AI demands more engineering discipline. Not less
Overall reaction to the article
- Many found the piece verbose, meandering, and light on concrete conclusions; some suspected “AI slop” writing.
- A minority liked the central idea (AI ⇒ more discipline, not less) but felt the argument was muddled or wishy‑washy.
- Readers noted tension between “AI is existentially important” rhetoric and hand‑wavy treatment of trade‑offs.
Code vs. specs, docs, and prompts
- One core debate: should code remain the “primary artifact,” or should specs, tests, and prompts become the main objects of review while code is disposable?
- Several argue code is the only unambiguous, executable specification and thus must stay central.
- Others support shifting knowledge into design docs, ADRs, tests, and prompt histories, letting AI regenerate code as an implementation detail.
- Skeptics warn that coarser abstractions and LLM “specs” are not yet reliable enough to skip detailed code review.
AI code quality, “slop,” and verification
- Strong sentiment that AI produces working but alien, overcomplicated, or brittle code that is painful to read and maintain.
- Supporters counter that with solid design, constraints, and tests, AI can produce high‑quality, defensive code and accelerate non‑novel work.
- Broad agreement that the bottleneck is now evaluation and verification, not code generation.
- Some foresee systems that validate properties and tests instead of humans reading most code; others doubt this is realistically achievable without stable, human‑understandable code.
Lines of code, productivity, and technical debt
- Long‑running HN norm: removing code is a marker of seniority. Many defend this more strongly in the AI era.
- AI enables huge PRs and floods of “superficially plausible” code and documentation, making it harder to identify who truly understands systems.
- Using LoC or PR count as productivity metrics is seen as especially broken now.
- Multiple comments predict a massive new form of technical debt from AI‑generated code and documents, likened to asbestos or “technical bankruptcy.”

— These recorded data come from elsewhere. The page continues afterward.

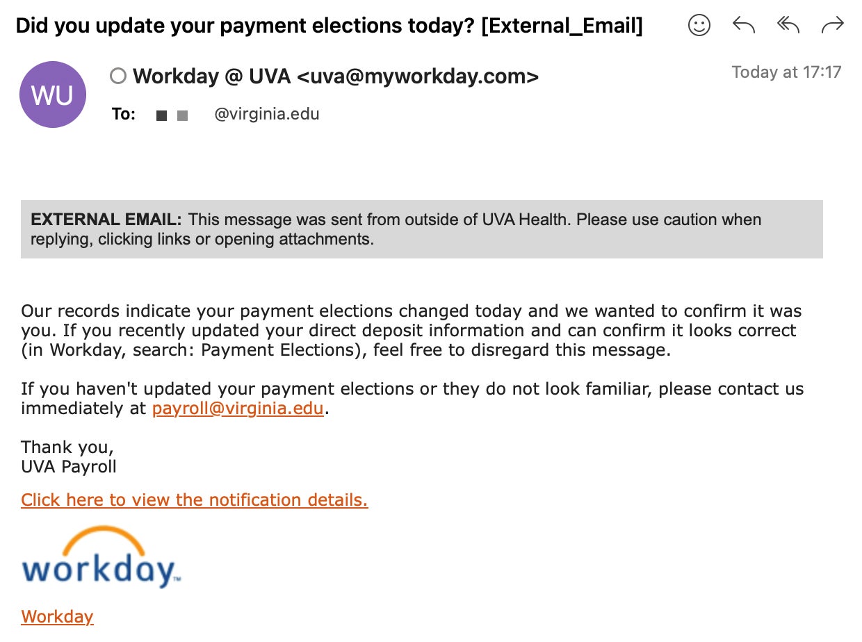 - Instead, go directly to the official UVA Health Workday portal or contact UVA Health HR to verify the legitimacy of the message.
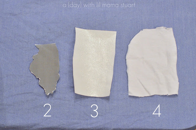 1. Iron fabric for your state to Heat’n Bond (following the instructions that came with it – wrong side of fabric first!).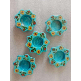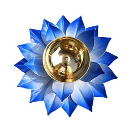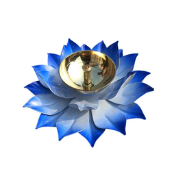 Blue Brass Lotus Diya for Puja Kamal Patti Flower Shaped Brass Diya Oil Lamp for Puja Room Aarti Temple Home Decoration & Gift Item

Discipline, roles, and incentives
- Many agree AI can demand more discipline: better specs, tests, observability, and provenance (e.g., capturing prompts and design intent).
- At the same time, AI makes it easier to appear productive without understanding, especially under executive pressure to “use AI everywhere.”
- Some expect SWE roles to shift toward architecture, documentation, and test design rather than vanish; others argue unskilled + AI is a new systemic risk, especially for juniors.